Good policy solves problems, and good policy is built on clear, transparent, and accessible data.

These days, energy data seem to be used more often defensively, to critically evaluate energy policy (or lack thereof). For example, data show clean energy doesn’t cause reliability problems for the electric grid (in fact, clean energy may actually boost the grid). So, when Energy Secretary Rick Perry ignores existing evidence and instead issues a bailout for uneconomic coal plants by claiming coal is necessary for reliability, data can help hold him accountable and inform American taxpayers about the multi-billion dollars such a move would cost them.

Similarly, data expose dangers, like the devastating impact a potential solar tariff would have on the future of the solar energy industry. Data show that a tariff would make large commercial solar projects less cost-competitive and decrease demand long-term, and such a move by the Trump administration would put up to 100,000 American solar jobs at risk. 

Good policy solves problems, and good policy is built on clear, transparent, and accessible data. 

But data can also be employed proactively, to design policy for a cleaner, more efficient, and customer-centric energy future. In New York, data are informing new policies that fairly compensate distributed energy resources, like solar, storage, and energy efficiency. Data are also being used by regulators across the country to reward utilities for designing new electricity rates that integrate and optimize those resources. Furthermore, data help prove that markets exist for clean energy solutions, like electric vehicles.

Empowering consumers

On a more micro-level, smart meters and customer access to their own usage data allows them to understand where, when, and how they use energy. For example, time-of-use electricity pricing shows customers when energy is cheapest and cleanest throughout the day.

A 2016 report from the Mission: Data Initiative shows how customers can realize 6-18 percent energy savings when they have easy access to their electricity data. But user data can also empower people and businesses to change their behavior or find tech solutions for other reasons, as well, like doing their part for a more sustainable future.

States like Illinois have been on the forefront of empowering customers and entrepreneurs with easy, secure, and meaningful access to energy data for years. In fact, Environmental Defense Fund (EDF) and the Citizens Utility Board developed the Open Data Access Framework, which is a regulatory framework for protecting, sharing, and licensing anonymized energy data. The framework also aims to encourage the development of energy-saving products and services.

Driving innovation

The natural result of the needs data reveal are the solutions to address them. Data catalyze and drive innovation, technology, and solutions that help us be smarter about energy use.

Data catalyze and drive innovation, technology, and solutions that help us be smarter about energy use.

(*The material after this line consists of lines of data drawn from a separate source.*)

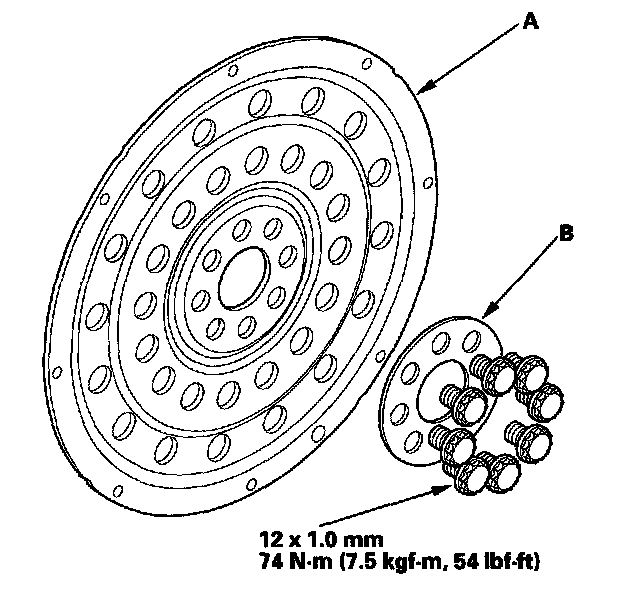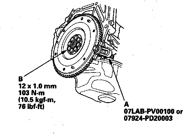 Torque the flywheel mounting bolts (B) in a crisscross pattern in several steps.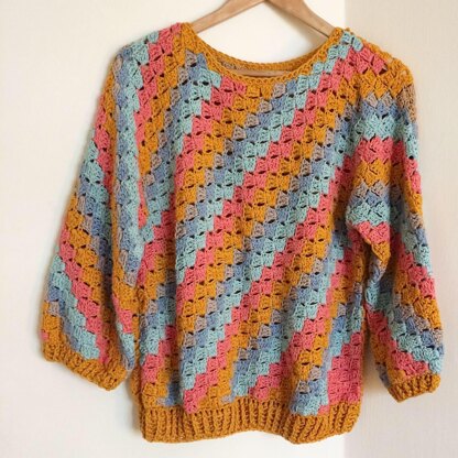 A dk C2C (corner to corner) crochet jumper with instructions for matching the diagonal pattern along the sleeves. It includes individual charts and instructions for each size to make the C2C easy and fun!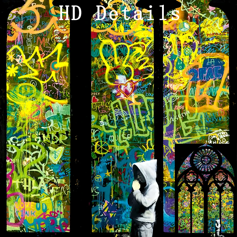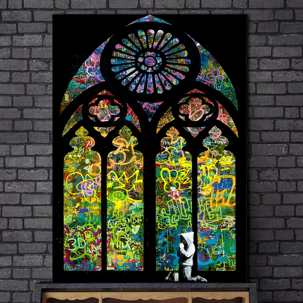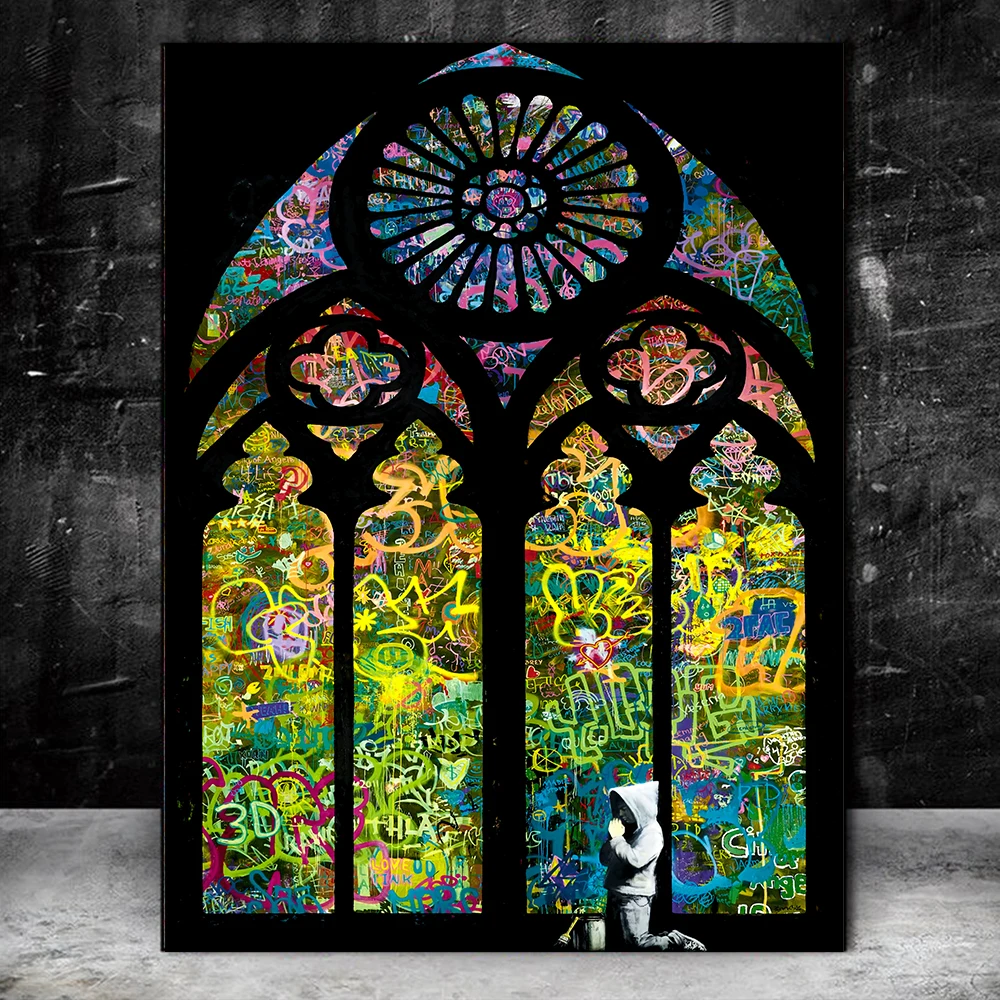 Бэнкси витражное стекло для мальчиков Молитвенное строение граффити уличное искусство картины на холсте настенные картины Домашний декор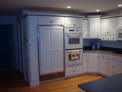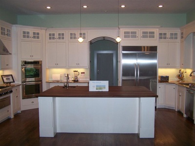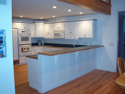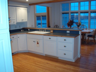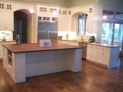 White Cabinets with Custom Wood Edge Laminate Countertop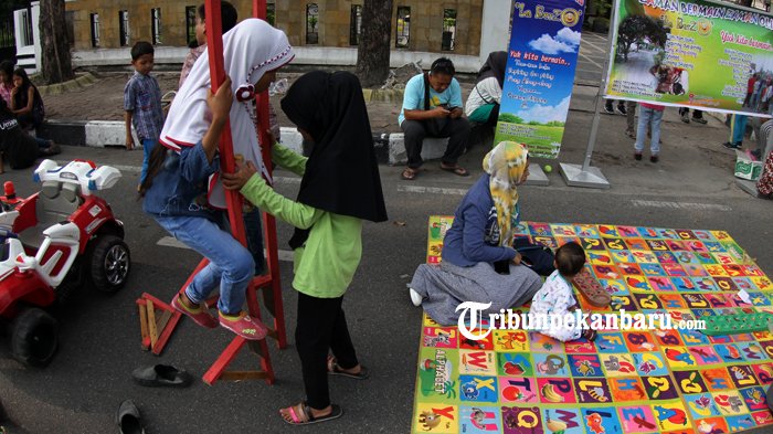 TRIBUNPEKANBARU.COM, PEKANBARU - Sejumlah warga Pekanbaru bersama anak-anak menikmati permainan tradisional di Laman Bermain Zaman Old di kawasan Car Free Day, Jalan Gajah Mada, Pekanbaru, Minggu (18/3/2018).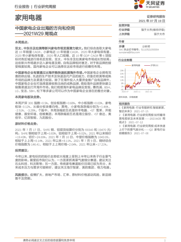【天风证券】【20210719】家用电器2021W29周观点:中国家电企业出海的方向和空间-16页 行业研究
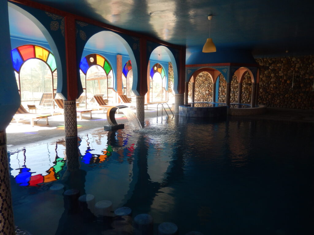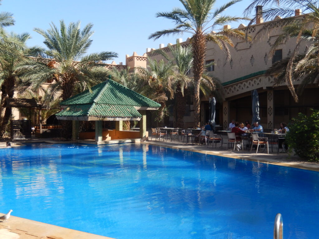 De vlucht naar Casablanca duurt drieënhalf uur, waarna we overstappen op een klein toestel richting Errachidia. Vanaf daar rijden we naar het Kasbah Xaluca Maadid & Spa Hotel. Het is ongeveer 1.00 uur ’s nachts als ik in mijn hotelkamer aankom. De kamer is prachtig en groot. Op de bijzettafel staat een heerlijk diner voor me klaar: rijst, maïs, gegrilde kip, wat groente en Marokkaanse koekjes. Als ik uiteindelijk in bed lig, valt me pas op hoe mooi de kamer is ingericht. Net als de rest van het hotel heeft het gekleurde ramen en is er overal aandacht voor details, zoals de houten deuren en de fossielen in de stenen wastafel.

Some of these data-driven solutions are tangible, like smart thermostats and appliances that help users optimize electricity use. In the U.S., EDF is working with a tech startup called WattTime that tracks the real-time carbon intensity of electricity produced in different grids across the country. The goal is to better understand the positive environmental impacts of solutions that encourage people to use electricity at cleaner times of the day or reward customers for saving energy, like demand response (during times of peak energy use, pre-approved appliances like swimming pool pumps, defrosters and water heaters automatically turn off, and thermostats can temporarily adjust to pre-approved temperatures).

Other solutions enabled by clean energy data are more “behind the scenes.” An interesting and recent innovation, resulting from collaboration between EDF, National Grid, Sandbag, and World Wildlife Federation, is the UK’s Green Energy Forecast tool. It combines energy and weather data for software designers to build mobile apps that will eventually show consumers the real-world impact of their electricity use on a particular day.

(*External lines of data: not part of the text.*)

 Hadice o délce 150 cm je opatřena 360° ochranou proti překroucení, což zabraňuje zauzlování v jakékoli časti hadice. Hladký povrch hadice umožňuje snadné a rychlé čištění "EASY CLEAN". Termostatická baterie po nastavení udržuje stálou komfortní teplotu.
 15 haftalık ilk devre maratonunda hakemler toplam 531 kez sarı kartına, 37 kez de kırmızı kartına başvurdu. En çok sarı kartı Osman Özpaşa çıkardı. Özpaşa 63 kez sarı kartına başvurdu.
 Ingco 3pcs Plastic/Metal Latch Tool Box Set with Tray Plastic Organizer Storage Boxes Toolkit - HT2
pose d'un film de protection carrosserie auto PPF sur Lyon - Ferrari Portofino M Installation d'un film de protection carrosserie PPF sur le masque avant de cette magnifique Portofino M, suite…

And yet other data-driven solutions are a bit of both, like the Smart Building Operations Pilot that was recently developed by EDF, ComEd, and the Accelerate Group. The pilot connects 10 buildings in Chicago with real time energy-use and performance data to raise awareness and foster smarter energy management decisions by building operators.

It’s October 20th, 2017. Just 15 days ago, data showing the electricity and water needs in Puerto Rico after Hurricane Maria were deleted from the federal emergency management website. Officially, we are three years out from the next World Statistics Day. I am hopeful that by then our focus will be on utilizing data for good rather than fighting for its existence, so we can continue finding solutions to the most pressing needs of people and the planet.

Andy Bilich

Yes, Administrator Pruitt, EPA Does Have the Obligation to Protect America from Climate Pollution

6 years 11 months ago

By Tomas Carbonell

(This post was co-authored by EDF’s Ben Levitan)

The head of the Environmental Protection Agency (EPA) is once again misleading the American people in an effort to avoid doing his job.

EPA Administrator Scott Pruitt was interviewed on Fox News this week, and questioned his legal authority and responsibility to protect the public from the pollution that causes climate change.

During that interview, Pruitt asked:

[W]hat authority has Congress given the EPA to engage in rulemaking to reduce [carbon dioxide]?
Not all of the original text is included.